If I recall correctly, the solution to the two daemon question was along the lines of

Spoiler:

What would the other guy say is the correct door/path/etc.

If you asked the question and pointed to the daemon who answers randomly, what kind of answer would you get?

[jestingrabbit]

If I recall correctly, the solution to the two daemon question was along the lines of

Spoiler:

What would the other guy say is the correct door/path/etc.

If you asked the question and pointed to the daemon who answers randomly, what kind of answer would you get?

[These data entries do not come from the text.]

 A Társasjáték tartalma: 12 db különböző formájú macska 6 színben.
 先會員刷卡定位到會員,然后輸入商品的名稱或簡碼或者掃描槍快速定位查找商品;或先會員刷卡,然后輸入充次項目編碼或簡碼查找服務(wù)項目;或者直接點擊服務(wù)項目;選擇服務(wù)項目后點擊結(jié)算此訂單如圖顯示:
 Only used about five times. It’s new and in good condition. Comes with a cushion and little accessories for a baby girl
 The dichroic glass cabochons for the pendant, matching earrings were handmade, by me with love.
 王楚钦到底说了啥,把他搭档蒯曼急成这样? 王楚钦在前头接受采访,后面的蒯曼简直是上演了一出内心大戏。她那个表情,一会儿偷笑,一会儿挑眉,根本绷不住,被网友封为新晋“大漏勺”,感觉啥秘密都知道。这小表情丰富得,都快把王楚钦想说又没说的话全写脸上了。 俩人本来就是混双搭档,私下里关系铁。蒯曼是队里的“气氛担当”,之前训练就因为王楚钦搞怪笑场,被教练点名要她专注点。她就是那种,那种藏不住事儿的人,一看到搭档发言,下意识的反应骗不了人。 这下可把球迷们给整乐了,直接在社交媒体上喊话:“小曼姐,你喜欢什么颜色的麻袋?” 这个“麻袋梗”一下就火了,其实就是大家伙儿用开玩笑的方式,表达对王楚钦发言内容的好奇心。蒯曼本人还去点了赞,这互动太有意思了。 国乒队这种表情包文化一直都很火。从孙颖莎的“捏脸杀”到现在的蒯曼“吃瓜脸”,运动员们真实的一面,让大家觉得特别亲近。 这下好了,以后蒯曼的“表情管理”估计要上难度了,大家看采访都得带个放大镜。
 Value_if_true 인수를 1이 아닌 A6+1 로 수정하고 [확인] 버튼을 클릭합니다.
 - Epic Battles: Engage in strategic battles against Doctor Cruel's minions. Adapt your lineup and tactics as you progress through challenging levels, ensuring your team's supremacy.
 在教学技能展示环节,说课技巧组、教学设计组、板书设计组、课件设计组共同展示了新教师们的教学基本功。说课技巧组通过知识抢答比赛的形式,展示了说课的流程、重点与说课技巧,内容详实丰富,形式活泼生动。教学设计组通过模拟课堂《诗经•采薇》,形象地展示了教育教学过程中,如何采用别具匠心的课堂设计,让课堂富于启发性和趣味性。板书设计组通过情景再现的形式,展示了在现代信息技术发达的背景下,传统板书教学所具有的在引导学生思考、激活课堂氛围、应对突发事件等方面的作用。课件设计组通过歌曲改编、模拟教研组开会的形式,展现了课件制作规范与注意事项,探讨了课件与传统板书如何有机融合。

I think it would require a special "third answer". I think its sometimes presented as the demons head exploding.

[Isvan]

Spoiler:

I think you can't really ask that question at all, since it's not a definite yes/no answer in this case. It's like asking the demon who only answers the truth 'What colour are my eyes?'. You can't answer it with a yes/no, so the question is useless. To solve this in the original two-doors puzzle, you would have to ask 'If I asked the other guy what was behind his door, would he say yes?' which is effectively the same thing in those circumstances. I guess you can't ask it here though, because you don't know what the wod for 'yes' is so you can't ask if it would be said... : /

[jestingrabbit]

Spoiler:

I guess you can't ask it here though, because you don't know what the wod for 'yes' is so you can't ask if it would be said... : /

You can find a work around for this if you know the words for yes and no ie if you know that the words for yes and no are either da and ja or ja and da, for instance. So you have to pick apart "language that you don't understand".

[undecim]

Someone keeps adding new stuff to this. First it was one question with a saint and a liar, then someone added a second question and /b/tard, and now someone says we can't speak their language, and changed it from finding a correct path and telling which person is which.

Spoiler:

It is impossible.

Because you are trying to identify each daemon, rather than determine which is a safe door to open (or whatever the goal is of variation of these riddles you prefer), your possible outcomes have gone from 2 to 6. Since there are 3 yes/no questions that can be answered, you have 3 bits of information you can receive. However, two bits are lost in uncertainty (one with the language barrier, and another with the random-answerer), giving you 1 bit to determine one of 6 possible outcomes which is not possible.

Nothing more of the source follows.